Earlier this week, the Department of Justice (DOJ) announced that Norwegian Shipping company Wallenius Wilhelmsen Logistics AS (WWL) has agreed to pay a $98.9 million fine for its role in a price-fixing scheme with other international shipping companies that lasted more than a decade.

As part of an ongoing anti-trust investigation, WWL is the fourth shipping company charged in a conspiracy to control prices for the shipment of roll-on, roll-off cargo in and out of the Port of Baltimore and other US ports. The DOJ alleges that the conspirators fixed prices, rigged bids, and allocated customers for the shipment of roll-on, roll-off cargo (which generally includes wheeled vehicles such as cars and trucks and agricultural, construction, and mining equipment) between 2000 and 2012. To date, the four settling shipping companies have agreed to pay more than $230 in fines.

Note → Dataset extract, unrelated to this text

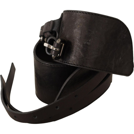 Costume National Red Black Leather Black Logo Buckle Blood Belt

In addition to the fine, WWL has agreed to cooperate in the DOJ’s ongoing anti-trust investigation. It is unclear whether the ongoing investigation will focus on other conspiring companies or, based on the DOJ’s recent pivot toward individual accountability and language from its press release that it seeks to hold “ocean shipping companies and executives” responsible for these crimes, whether the investigation will drill down on the individuals responsible for the alleged scheme. With these massive penalties already agreed to by the companies, where the DOJ focuses its investigation next (other corporations or individuals) could be a bellwether for the tide of individual liability in similar large-scale, industry-wide investigations.